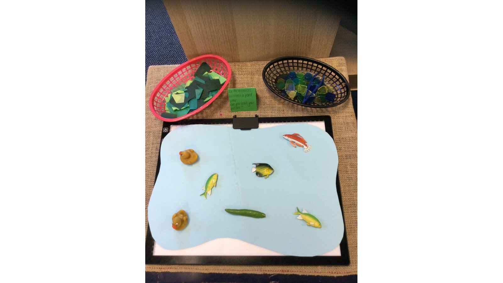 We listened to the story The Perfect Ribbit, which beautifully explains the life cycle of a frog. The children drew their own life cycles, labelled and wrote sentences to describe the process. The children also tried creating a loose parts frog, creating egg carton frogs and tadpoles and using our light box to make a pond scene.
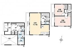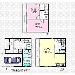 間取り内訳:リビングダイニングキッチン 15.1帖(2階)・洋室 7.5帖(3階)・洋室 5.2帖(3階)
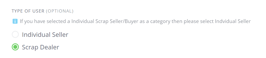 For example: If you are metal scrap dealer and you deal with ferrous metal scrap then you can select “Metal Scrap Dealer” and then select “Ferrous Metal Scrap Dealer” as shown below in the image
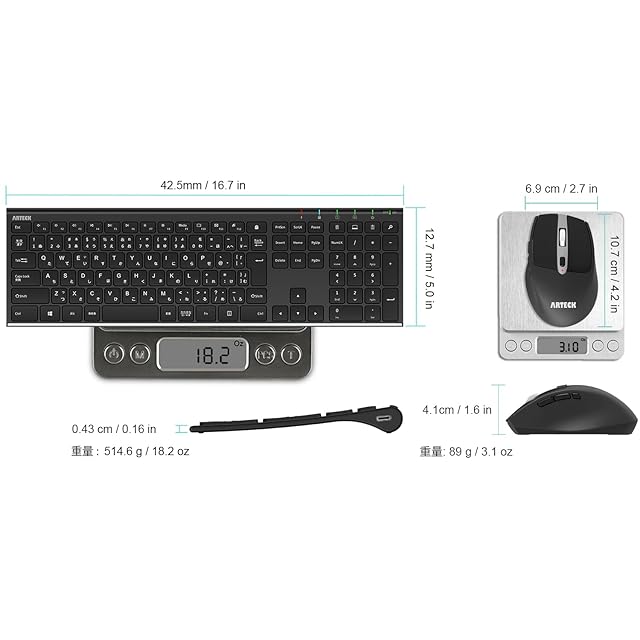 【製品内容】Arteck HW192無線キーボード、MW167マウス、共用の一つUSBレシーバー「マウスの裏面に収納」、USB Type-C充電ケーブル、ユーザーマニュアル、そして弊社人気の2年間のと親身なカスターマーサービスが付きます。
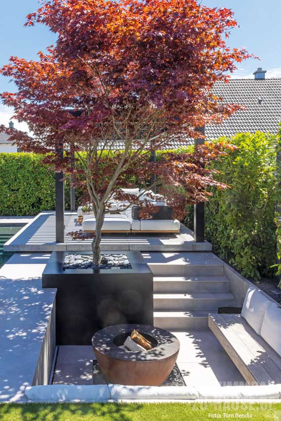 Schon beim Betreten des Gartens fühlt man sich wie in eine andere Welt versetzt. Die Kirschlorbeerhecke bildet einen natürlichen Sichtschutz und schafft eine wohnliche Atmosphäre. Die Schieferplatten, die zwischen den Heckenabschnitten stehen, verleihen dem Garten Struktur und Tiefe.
:::
Give again, exactly, the lines starting at the first entry above and ending at the line with "間取り内訳:リビングダイニングキッチン 15.1帖(2階)・洋室 7.5帖(3階)・洋室"; please leave pictures out.

 We listened to the story The Perfect Ribbit, which beautifully explains the life cycle of a frog. The children drew their own life cycles, labelled and wrote sentences to describe the process. The children also tried creating a loose parts frog, creating egg carton frogs and tadpoles and using our light box to make a pond scene.
 間取り内訳:リビングダイニングキッチン 15.1帖(2階)・洋室 7.5帖(3階)・洋室 5.2帖(3階)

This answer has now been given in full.